Authors: Lee Smith
“Isn’t he going to eat with us?” I asked Ella Jean.
“He don’t never eat with nobody,” she said.
Aunt Roe did not even look at us as she handed Ella Jean and me our plates of green beans, cornbread cut from the skillet, and something mysterious from the other pot. I had a special plate—blue and white china. Ella Jean grabbed us two dishrags for napkins and we took our seats at the bare wooden table just as Baby Doll got up. Aunt Roe gave her a plate to take out for Granny.
“She won’t eat hardly a thing, though,” Ella Jean remarked to me. “Lives on music and air.”
I, on the other hand, found that I had turned into a glutton; this was the best food I had ever put into my mouth, and suddenly I was ravenous. Ham and onions had been cooked along with the beans, for hours it seemed, by their smoky, salty taste. The cornbread was crisp and crusty outside, chewy and moist within. “And what’s this, exactly?” I asked, eating the other dish, a piece of something with thick gravy on it.
“Meat,” Aunt Roe said.
I did not pursue this topic, but ate every bite.
“It really is good, Roe,” Ella Jean said, confirming for me that this was indeed a special supper.
“Everything is just delicious!” I added sincerely, and Aunt Roe nodded, once. She herself ate standing up, though there were chairs at the table. I sensed that she preferred to take her meals this way.
Suddenly we were joined by a barefooted girl in a flowing sort of nightgown, I believe, and a fringed, flowered shawl that dangled almost into my plate as she stood behind me and stretched her arms out over the table. She was very pale and very beautiful. Her eyes were shut; her silvery hair cascaded all down her back.
“Mama, Mama!” the little boys chanted, pulling at her gown. Without her kitchen uniform and hairnet, I would never have recognized her.
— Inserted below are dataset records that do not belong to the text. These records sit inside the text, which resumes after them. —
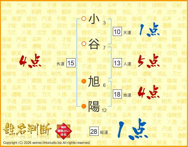 小谷旭陽さんの総運は28画の1点!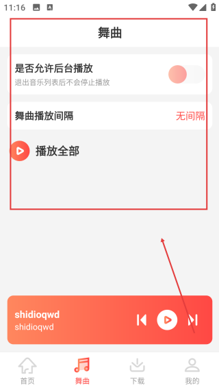 3、进入舞曲页面,可【设置后台播放权限,调整播放间隔】,点击播放全部播放舞曲。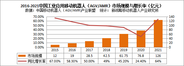 圖:2015-2021中國工業(yè)應(yīng)用移動機(jī)器人(AGV/AMR)市場規(guī)模(億元)與增長率
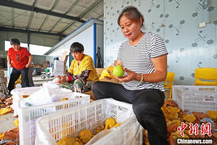 李冬英(右一)和社員一起處理剛采摘下來(lái)的砂梨。董曉斌 攝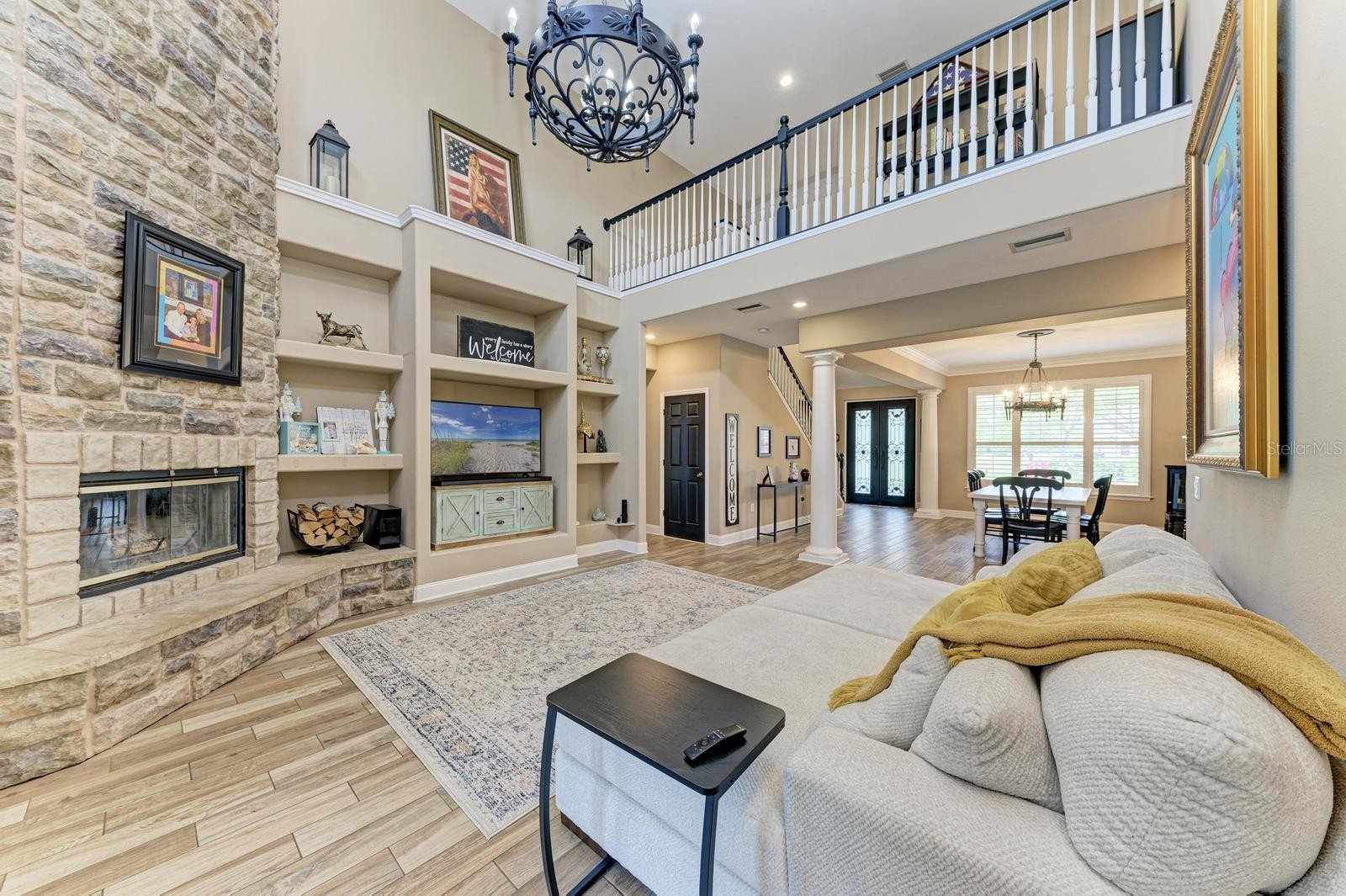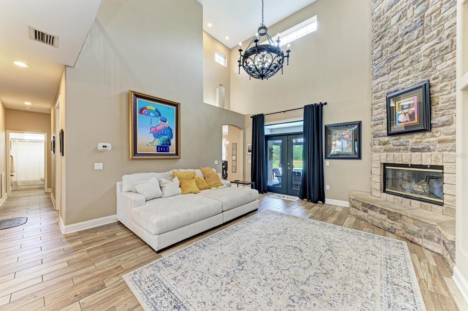 Set on 1.37 acres of complete privacy, this home gives you that rare feeling of breathing room the moment you turn up the drive. The property opens with towering oaks, quiet surroundings, and a stone exterior that feels rooted and timeless. It's the kind of setting people daydream about when they say they want more space, more quiet, and more separation from the noise. Inside, sunlight pours through tall windows and fills the home with a warm, grounded energy. The main living area wraps around a dramatic stone fireplace that immediately pulls you in. Every space flows together in a way that makes gathering feel natural, from the dining area to the freshly updated kitchen with its clean finishes, open layout, and island made for everyday life. The first-floor primary suite feels tucked away in its own corner of the home, with peaceful views and an easy connection to the outdoors. Another bedroom and full bath on the main level keep the floorplan flexible for guests or working from home. Upstairs, the catwalk gives you a sweeping view over the living room before leading to two additional bedrooms joined by a spacious Jack-and-Jill bath. Step outside, and everything opens up. The panoramic pool screen erases the boundary between indoors and out, giving your lanai and resort-style pool an uninterrupted backdrop of green space and sky. Morning coffee feels quieter. Evenings feel softer. With a raised spa, wide deck, and total seclusion, the whole space becomes your own private retreat. The home also includes a whole-home water system that keeps everything running clean and crisp without you ever having to think about it, along with a newer roof and storm-rated upgrades that bring real peace of mind. All of this sits in a place that feels wonderfully removed from the world yet keeps everyday conveniences just a short drive away. It's space, privacy, and comfort in a way that's genuinely hard to find.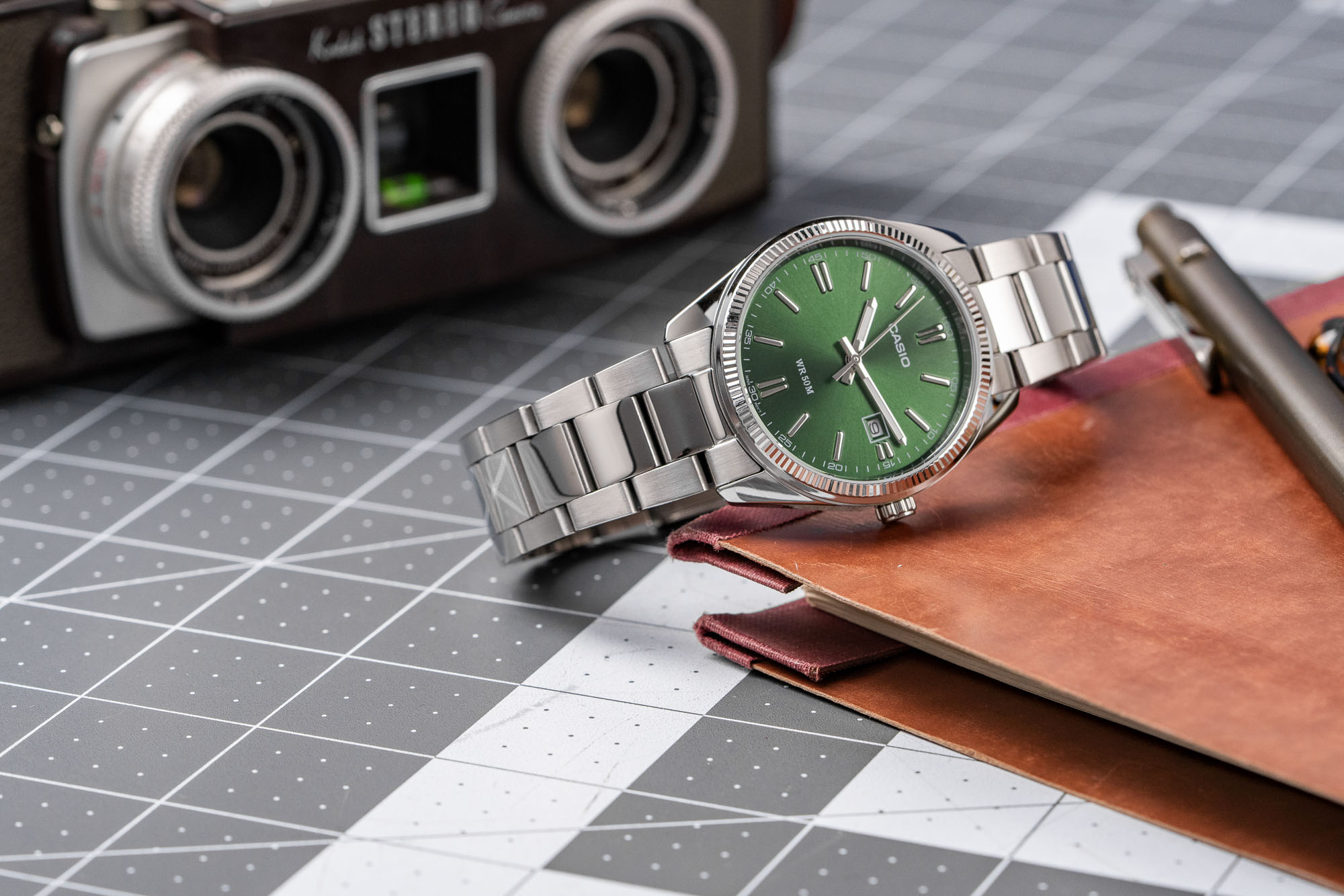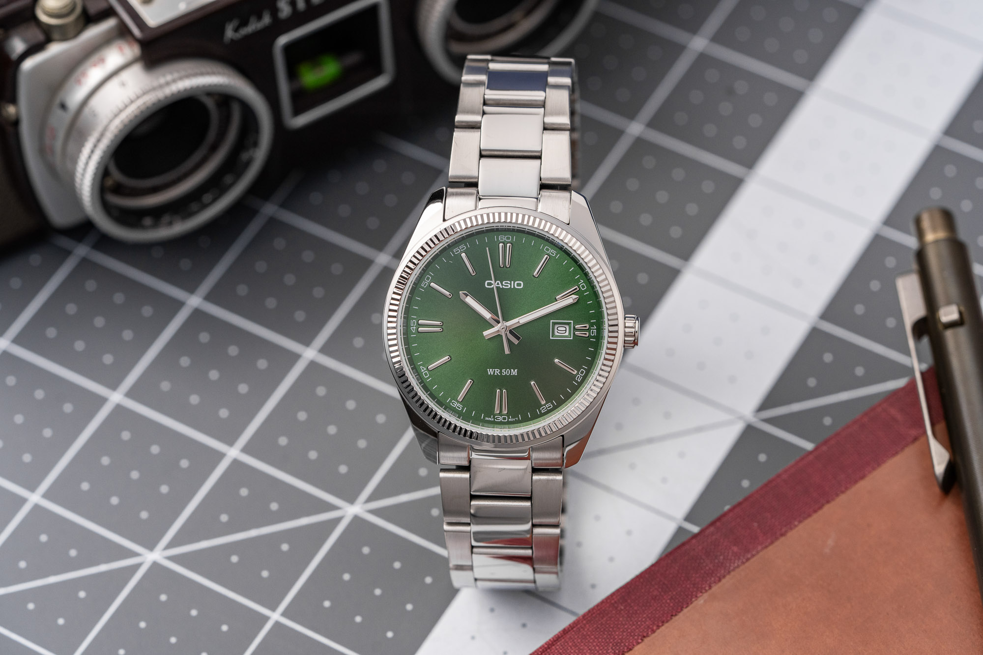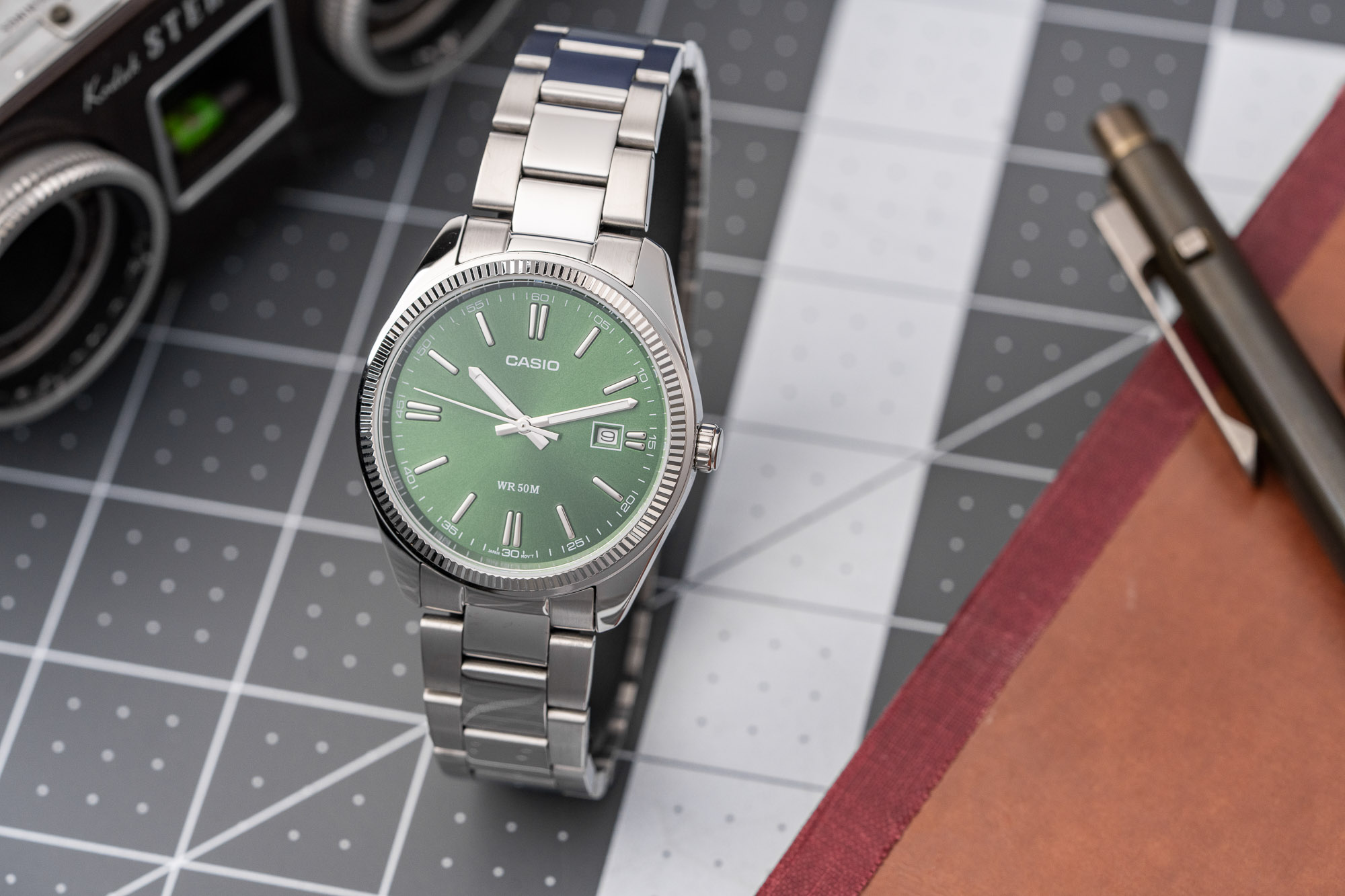 • Variant: Green Dial – Stainless Steel Bracelet (MTP‑1302D‑3AV)

Never opening her eyes, their mother began, “May the Lord bless this food before us, may He bless and keep us every one, especially these sweet little children, and make His face to shine upon us all the days of our lives, so that we may go forth and do His bidding in the wide world, and live each day in such a way that we may enter into His kingdom, where we shall all be blessed to eat His heavenly food forever, and sing with His heavenly angels and say with them this heavenly prayer, ‘Our Father, who are in heaven, hallowed be Thy name . . .’ ”
I joined in the Lord’s prayer, as did Ella Jean. Aunt Roe did not.
“In the name of the Father, and the Son, and the Holy Ghost, Amen,” we said loudly, and Ella Jean got up to pull out a chair for her mother, who was hugely pregnant again, I realized. Aunt Roe gave her a plate of food as she reached over to take my hand.
“Now, I’m Trula,” she said. “Ella Jean has been talking about you coming up here for the longest time, and I love you, and God loves you.” Her eyes were as simple and blue as the sky.
“I love you, too,” I said, surprising myself. This remark seemed to please her, and she began to eat. I looked at Ella Jean but she was looking down, not looking at me on purpose, I felt. Clearly, there was a lot she had not told me. The little boys tumbled off their bench and out the door, leaving a mess behind. The dogs were barking in the yard.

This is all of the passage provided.